BOLLEN: How did you devise the personality and character of the title’s Feral Detective, Charles Heist? I’m asking not only when you decided that he’d have an opossum in his office, but that he’d be a desert-dwelling love interest for Phoebe? 

LETHEM: Heist was developed out of a fascination with the notion of “feral children,” a curiosity that goes back to my childhood loves of Tarzan and Mowgli from The Jungle Book. Later, that image darkened when I learned about Kaspar Hauser, the famous wild child of Avignon, and other unsettling stories of what gets called a “feral child.” After I’d conceived the notion that gives the book its title—a grown-up feral child, turned detective—I wondered what it meant, and what it was for. Who would he be, and what would he care about? And that, in turn, connected to my growing fascination with this place: the Inland Empire, on the verge of the Mojave Desert. I began to see him as an enigmatic figure, a sort of refusenik—he’d been elected King of the Bears, but declined the position. Instead, he lurks on the periphery, pulling others out of the maelstrom.

“In fiction, a twist every 17 pages is my formula. If you circle them all and send the book back to me, I’ll give you a prize.” —Jonathan Lethem

 

BOLLEN: In the book, your California desert has bad cell phone reception. How do you tend to approach the overriding technology/cell phone conundrum for your characters? Do you feel the liberty to shut their phones off?

LETHEM: It bedevils me, really, and I keep finding sleight-of-hand ways out of the problem: bad reception, apocalypse, indifference. In [Lethem’s 2009 book] Chronic City, I wanted to write about the incursion of “the screen interface” into daily life, but I did it from the point of view of a bunch of Luddite fools for whom even eBay is a kind of overwhelming virtual reality. Even the depiction of email, to me, feels tinny in fiction. I’ve seen others get away with it. I guess I don’t have any principle at stake here, or general admonition for other practitioners. It’s just a problem I solve one book at a time.

BOLLEN: As a well-known archetypal New York writer, how has moving to California changed you? Has it changed your work in any noticeable ways?

LETHEM: I first ran away from New York to Berkeley, California, at age 19. Ever since, I’ve felt like a kind of split personality. People forget that my first three-and-a-half books were set in some version or another of “the west.” They forget for good reason: my New York books are more famous, and I’m very proud of them. But I also relate to the west as a myth very strongly—even if it’s a love-hate strength, a powerful ambivalence. Now that I’ve been living in the Southland for nearly a decade, I’m better able to consider it as a real place—albeit one shaped, both from the inside and the outside, by the myth.

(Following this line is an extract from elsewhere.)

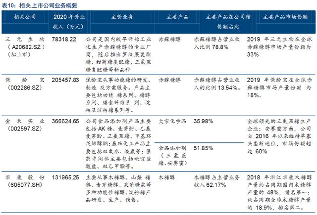 依據(jù)東興證券券商報告,A股代糖領頭企業(yè)為三元微生物(擬發(fā)售)、保齡寶(002286)、金禾實業(yè)?,F(xiàn)階段,三元微生物、保齡寶是世界首要的赤蘚糖醇制造商,市場占有率各自為33%、18%;金禾實業(yè)是安賽蜜的壟斷競爭市場制造商,且伴隨著三氯蔗糖新生產(chǎn)能力的推廣,也變成了世界技術領先的三氯蔗糖制造業(yè)企業(yè)。

BOLLEN: The west is a mythical place of freedom, at least that’s what it represents for those of us stuck back in the east. At the heart of The Feral Detective, there seems to be an attempt at freedom—coming unglued from civilization, hiding your tracks, starting again, losing track of the president and his politics. Do you think any of us can ever really get free?

LETHEM: Well, it’s the problem of utopia, isn’t it? You bring yourself with you when you go there. Your baggage travels, too. That’s the great American story: setting out into the territory, the wide-open promise of freedom and reproducing the old hierarchies, the old anxieties and prejudices, the old self-destructive urges, in a violent new conjunction, and, in many ways, worse, without the modulating anchor of old institutions and rituals. The reenactment of a discarded social order is often starker and crazier out here in the great wide open. Dystopia stalks utopia everywhere it goes.

BOLLEN: Do you think you’d make a good private eye?

LETHEM: No, I’d be hopeless. I think of all my best lines two weeks later, which is why I’m a writer. A detective needs repartee that’s ready on a much quicker basis.